Within a week of the murder, a substantial body of documentary evidence has emerged pointing to Mair’s decades-long activity as a fascist--going back at least to 1991.

Mair was a subscriber to the far right South African Patriot, a South African magazine founded in 1980 and published by a pro-apartheid group, the White Rhino Club. It was re-established in 1991 as South African Patriot In Exile. The Daily Telegraph reported that the Club “described the magazine’s editorial stance as being opposed to ‘multi-cultural societies’ and ‘expansionist Islam’.”

The magazine was edited by former National Front member Alan Harvey. The National Front, a UK fascist group, was founded in 1967. The Daily Mirror reported that a blog post attributed to Harvey, dated January 2006, described Mair as “one of the earliest subscribers and supporters of S. A. Patriot.”

He requested, “If anyone knows of his new address then we would be very grateful to learn the details.”

The newspaper reported last week that Harvey “told the Mirror he was trying to set up an S.A. Patriot group in the Yorkshire area at the time, and sent letters to everyone in the area they had contact details for.”

Documents published by the United States-based civil rights group, the Southern Poverty Law Centre, include two letters Mair wrote to the South African Patriot In Exile, the earliest in 1991.

The 1991 letter begins with Mair, who listed his address as Batley, UK, writing, “I recently received copies of SA Patriot Nos 28 and 29, via the British National Front. I was most impressed by your publication and the insight it gives into the South African scene.” He adds, “The nationalist movement in the UK also continues to fight on against the odds. … Despite everything I still have faith that the White Race will prevail, both in Britain and in South Africa, but I fear that it’s going to be a very long and very bloody struggle.”

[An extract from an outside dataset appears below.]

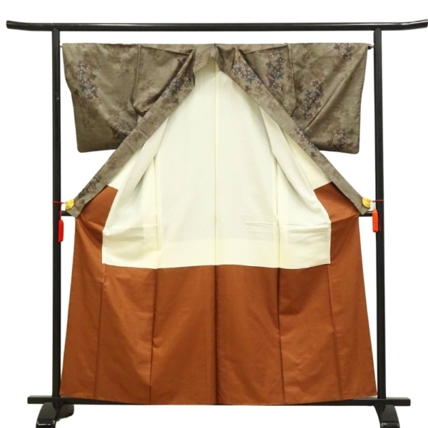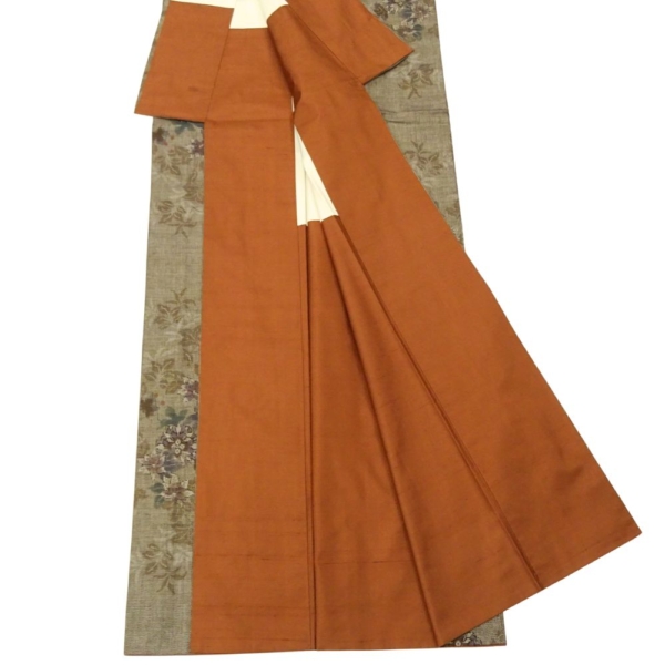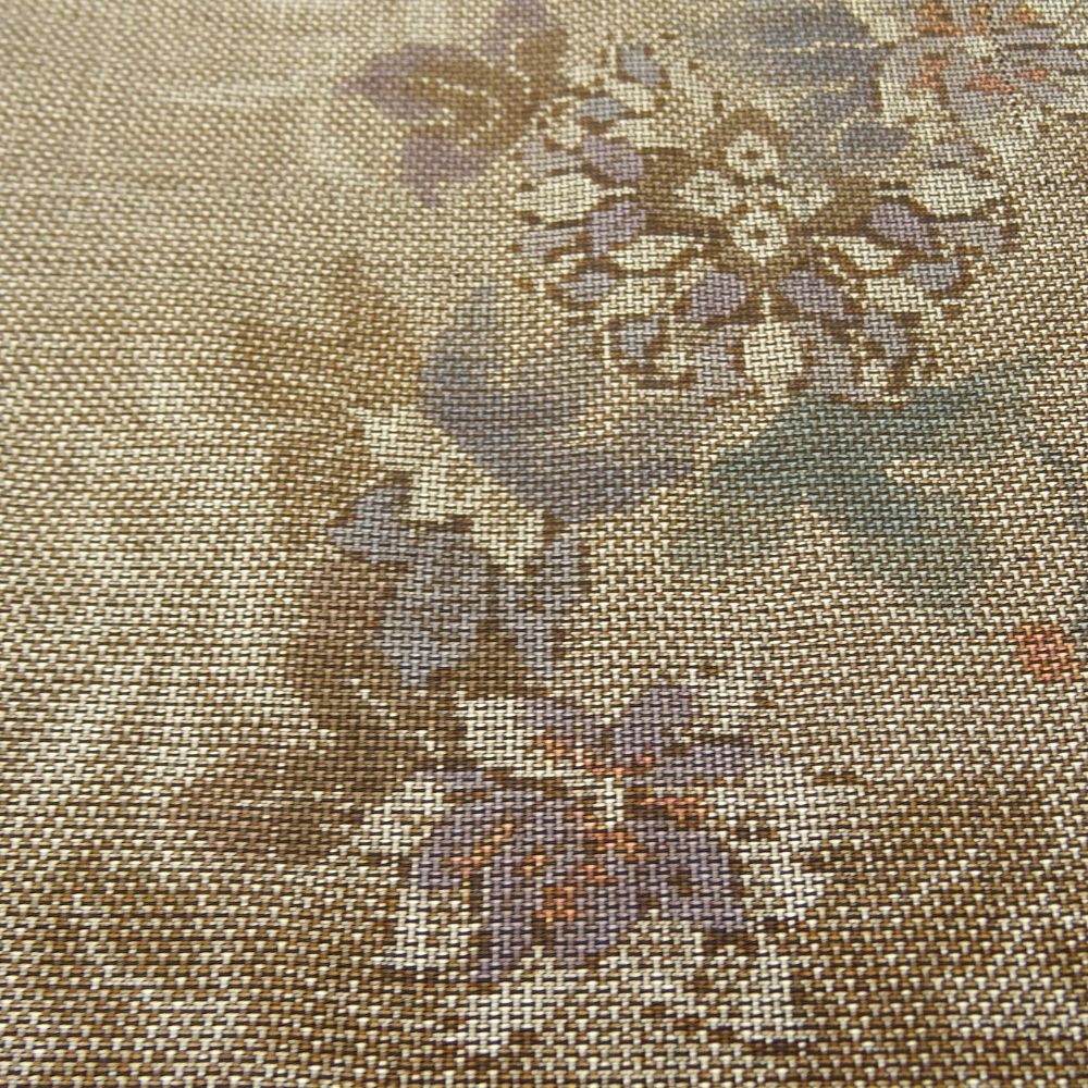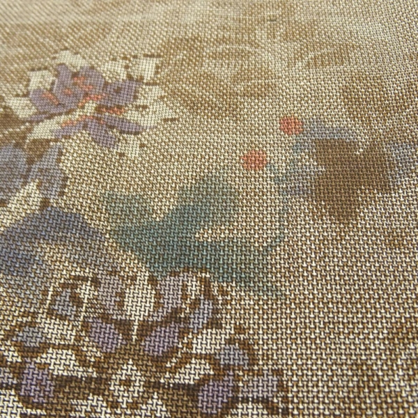 泥染めを思わせる深みのある茶系と、落ち着いた紫・青緑の糸で紡ぎ出された草花文様は、まるで一枚の絵画のような奥行きを感じさせます。

In his 1999 letter, Mair writes, “I was glad you strongly condemned ‘collaborators’ in the White South African population. In my opinion the greatest enemy of the old Apartheid system was not the ANC [African National Congress] and the Black masses but White liberals and traitors.”

The SPLC also published documents establishing Mair’s support for the US-based neo-Nazi National Alliance group. Mair is reported to have purchased books from the National Alliance, founded by William Pierce, author of the notorious racist tract, “The Turner Diaries.” These included guides on how to build homemade explosives, guns and a copy of Ich Kampfe, a handbook for members of Hitler’s Nazi Party. The SPLC published four receipts dated 1999 and 2003 showing that Mair spent $620 (£436) on the literature.